2009 Mac Pro "Refresh/Update" Question. I give cookies and candy for answers...

Discussion in 'Mac Pro' started by DustinB85, Nov 11, 2015.

  1. DustinB85 macrumors newbie

    DustinB85

    Joined:
    Nov 24, 2011
    #1
    OKAY SO, this is yet another should I update type thread. But this time it is a tad different since I've done a couple upgrades in the pasted and looking for a different set up this time.

    1.) Has anyone used the R9 290X GPU in a 2009 Mac Pro with either Adobe Premiere Pro CC or Final Cut Pro??? I am looking for the best GPU setup for a relatively decent cost.
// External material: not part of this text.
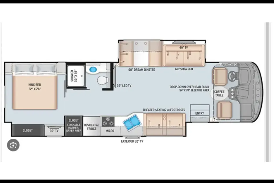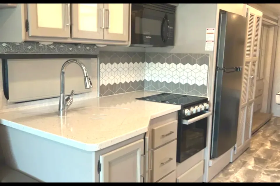 With its full-wall slide and thoughtful layout, this RV feels incredibly spacious inside, even when the whole family’s aboard. The king bed, big kitchen, and luxurious touches give you all the comfort of home—while the outdoor entertainment setup adds fun around the campfire. It’s big enough to host, yet smooth enough for first-time Class A drivers to handle confidently.

I've tried both the GTX 670 and Sapphire 7950 Mac Edition in the past. I am looking forma tad more horsepower than either of those. So I am looking at the R9 290Xs, GTX 980 or possibly a dual card set up. I don't play games on the MP just strictly concerned about rendering performance/playback during editing and playing nice with Adobe CC and FCPX. All opinions and help greatly appreciated.

    2.) I am going to upgrade from the quad core 2.66 to the 6 core 3.33. Any objections or better options from that cost standpoint? I would love to go to 8 core + but that requires an whole different tray and the cost jumps pretty heavy at that point.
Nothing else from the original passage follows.